In an interview with Reuters, Archbishop Renato Martino, president of the Vatican’s justice and peace department, said the pope was deeply saddened by the recent turn of events.

He also stressed the Vatican’s stand that it could not consider any US-led action against Iraq a “just war” and that there were perhaps economic reasons behind the conflict.

“I wonder why those who want to make war do not take into account the serious consequences,” Martino said.

“The reaction in the Muslim world will be enormous. Acts of terrorism will increase dramatically,” said Martino, who served as Vatican representative to the UN for 16 years.

“Even if it is a two, three-day strike, what about later' What about the consequences inside and outside Iraq' I’m afraid that a war would completely affect the whole area of the Middle East...and will increase refugees, terrorism and endanger the environment,” he said. Martino spoke as the Vatican raised its diplomatic profile in the Iraqi crisis to try to avert war.

The pope will receive German foreign minister Joschka Fischer tomorrow and Iraqi deputy Prime Minister Tareq Aziz, one of Iraq’s most prominent Christians, will see the pope next week.

Martino gave a lukewarm reaction to evidence against Iraq presented by Powell to the UN yesterday. “My first impression is that this (Powell’s new evidence) is vague,” he said. He also described it as “unconvincing”.

The Vatican has been on a collision course with the Bush administration over any war in Iraq, making clear it would not consider an attack a “just war”.

In Christian teaching that means use of force must meet tough conditions of moral legitimacy. To be considered a “just war”, all other means must be exhausted and force must be proportionate to the wrong it tries to rectify. Asked if he believed an eventual war on Iraq would be based on economic interests, he said: “That’s part of it, too.”

“The pope has said that war must always be a last resort. If there is a war we have to see if 3,000 bombs or missiles will strike only military targets without killing civilians, or if they hit power plants. Then hospitals don't have electricity. The entire population will suffer, the sick, the poor, children,” he said.

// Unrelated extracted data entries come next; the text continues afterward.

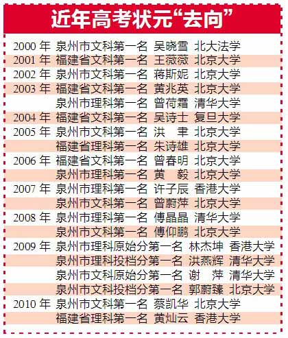 今年泉州高考状元 清华北大各揽两人(组图)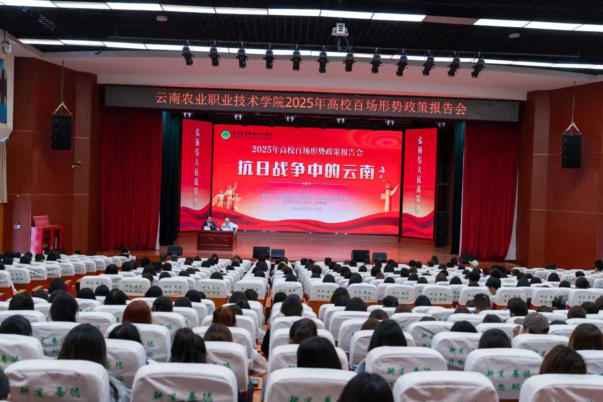 通知中心为进一步深入学习习近平总书记在纪念中国人民抗日战争暨世界反法西斯战争胜利八十周年大会上的重要讲话精神、学习贯彻习近平总书记关于中国人民抗日战争暨世界反法西斯战争的重要论述,9月10日,伟德官网在小哨校区蚕桑礼堂召开2025年高校百场形势政策报告会暨《抗日战争中的云南》大思政课专题讲座。本次讲座特别邀请云南师范大学教授,云南省中国近代史研究会名誉会长吴宝璋担任主讲,带领师生重温抗战岁月中云南军民的英勇事迹与卓越贡献。会议由学校党委书记文俊主持。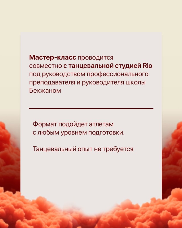 Мастер-класс подойдет атлетам с любым уровнем подготовки – танцевальный опыт не нужен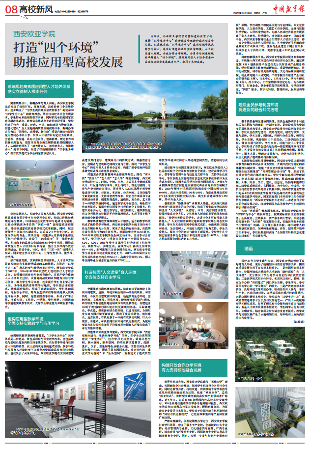 2022年12月28日,《中国教育报》第8版以《beat365手机版官网:打造“四个环境”,助推应用型高校发展》为题,介绍了beat365手机版官网在重构应用型教学环境、打造人文校园育人环境、构建开放合作办学环境、建设全员参与制度环境方面的做法与经验。现全文发布如下: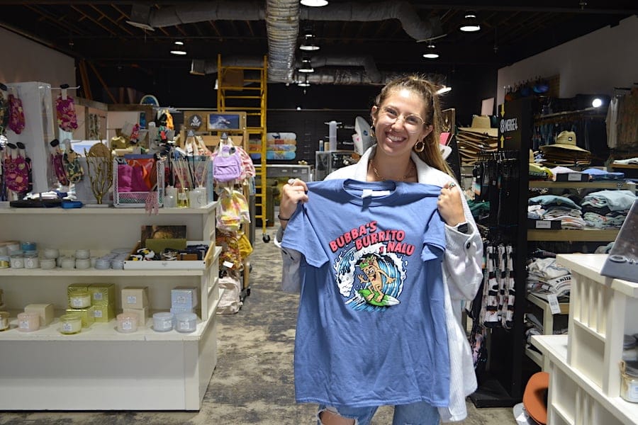 For example, Nalu Dry Goods recently created a shirt with Bubba’s Burrito Bar in Islip that features a surfing burrito.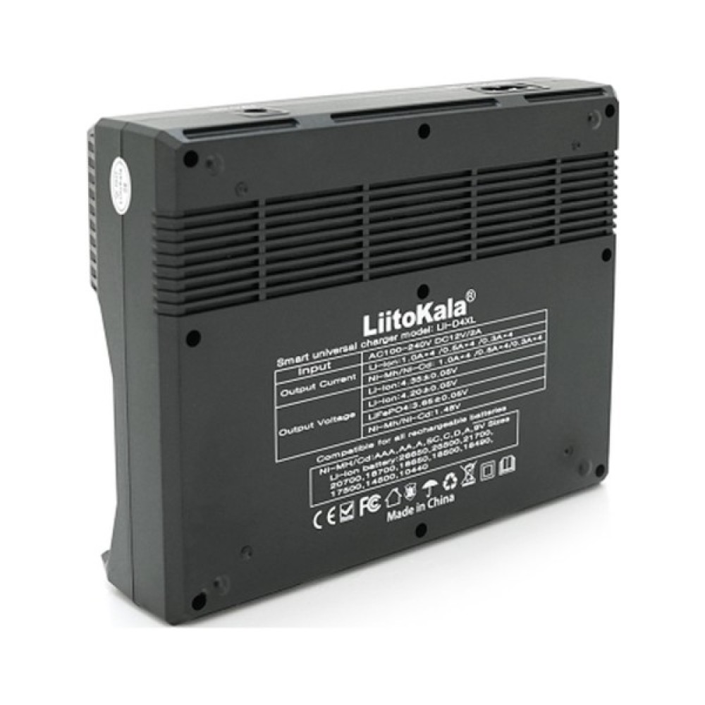 Зарядний пристрій Liitokala Lii-D4XL є універсальним зарядним пристроєм з чотирма каналами, що підтримує Ni-MH і Ni-Cd батареї типорозмірів AA (R6), AAA (R03), AAAA, C (R14), а також Li-ion/IMR батареї типорозмірів 32650, 21700, 18650. Пристрій також може використовуватись для заряджання автомобільних батарей з напругою 12V.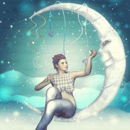 Keywords: moon girl fantasy jeans female night sky woman light portrait dream blue moonlight style face romantic joy star love magic happy celebration romance model mystery fairy 3d render photo manipulation book cover

Martino said the West needed to address the causes of terrorism.

”It is possible to eliminate one, two or 1,000 terrorists but if you don't go to the cause of terrorism you will never eradicate this terrible phenomenon. And the causes are political, economic and cultural,” he said.

”Not only the United States but the entire West should make an examination of conscience of how we oppress the rest of the world Ä unkept promises (and) spreading ways of life that are not moral or acceptable to the rest of the world,” he said.